At the start of the summer, we were 2nd in the football hierarchy - just behind the winners of the Champions League.
Well, not particularly, but you get my point - one
@thfcsteff has already made, too. We had strategic space to really go for it last summer, in the same way that Liverpool went for it after they lost the CL final in 2018. The very next day - 24 hours after the CL final - Fabinho was signed. And, a short while later, Alisson became the most expensive goalkeeper of all time when he signed for 72 million quid - this, to replace poor Lorius Karius, who was shipped out ruthlessly to make way for the winner Liverpool needed.
For us? We dingdonged around with Ndombele for a month trying to squeeze pennies out of the deal. We dingdonged around for over *two* months before thinking up some contrived deal to sign Lo Celso on loan in a way that minimized our expenditures and screwed PSG out of some fees they were due.
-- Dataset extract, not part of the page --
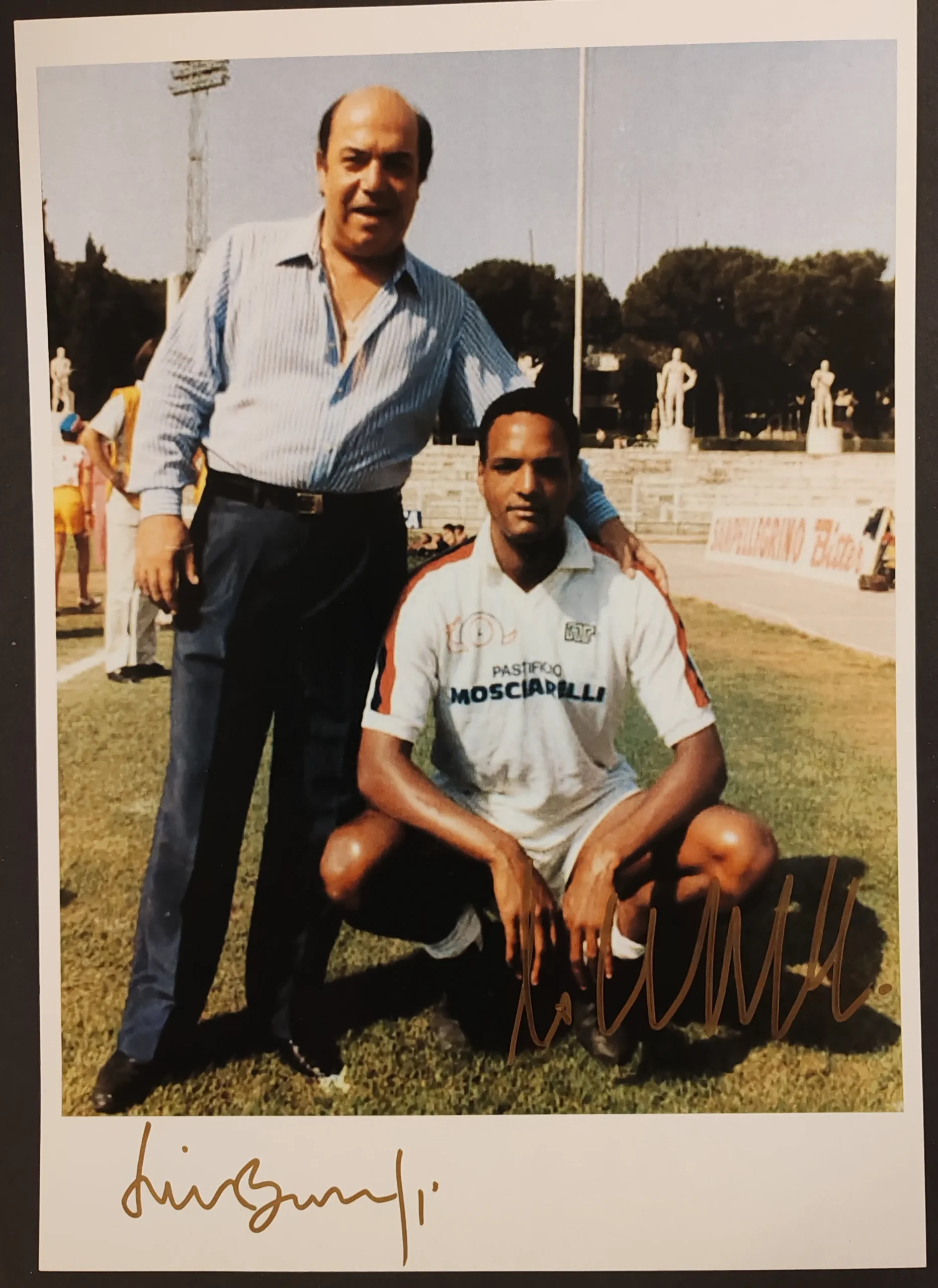 Lino Banfi e Urs Althaus – Signed Cardboard Photo – L’allenatore nel pallone

We dingdonged around until fudging *deadline day* trying to sign a raw 19-year old from Fulham, for Christ's sake, just to save on the damn costs.
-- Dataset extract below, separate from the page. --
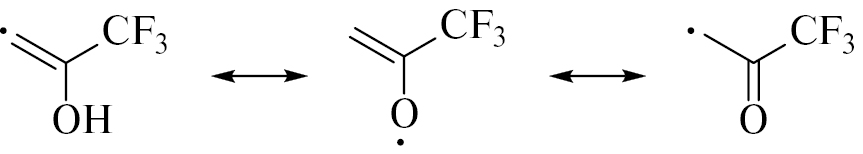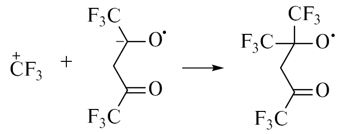 Реакция (2), скорее всего, является главным источником СО в жидком ГФАА. В частности, об одновременном образовании Z1 и Z2 свидетельствуют их близкие выходы (рис. 1). Реакция (2) приводит к более стабильному трифторацетонильному радикалу, который, однако, может иметь несколько изомерных форм:

And all this, after signing absolutely nobody for 18 months - the results of which are still biting us in the arse in ways that many of us predicted (and spoke about, on this forum and elsewhere) while it was still happening. While Pool headed into their summer in 2018 having already splashed out 75m quid for VVD in January, and 54m quid for Naby Keita.
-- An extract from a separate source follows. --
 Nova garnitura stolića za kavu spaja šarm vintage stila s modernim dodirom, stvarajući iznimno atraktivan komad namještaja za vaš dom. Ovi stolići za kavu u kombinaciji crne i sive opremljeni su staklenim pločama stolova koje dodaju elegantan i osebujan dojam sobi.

Poch never wanted the moon. He wanted some backing, which we were very, very late in giving him, if at all - and which ultimately resulted in us parting ways.
But the same demands for early signings and expensive ones will come from Jose Mourinho - a man accustomed to winning over penny-pinching for every single goddamn cent for fifty months on end.
And if Levy tries his usual delay, delay games again, Mourinho will walk. And I think we can all agree that he won't do it with anywhere near the respect that Poch had for the club, and for Levy, on his way out.
Levy will get it full barrels from Mourinho, his friends in the press at home and around the world, and everyone in football with an opinion to share, because that's the scale of Mourinho. Again, I don't think Levy quite understands who he's appointed, and how much his methods need to change to make this a success.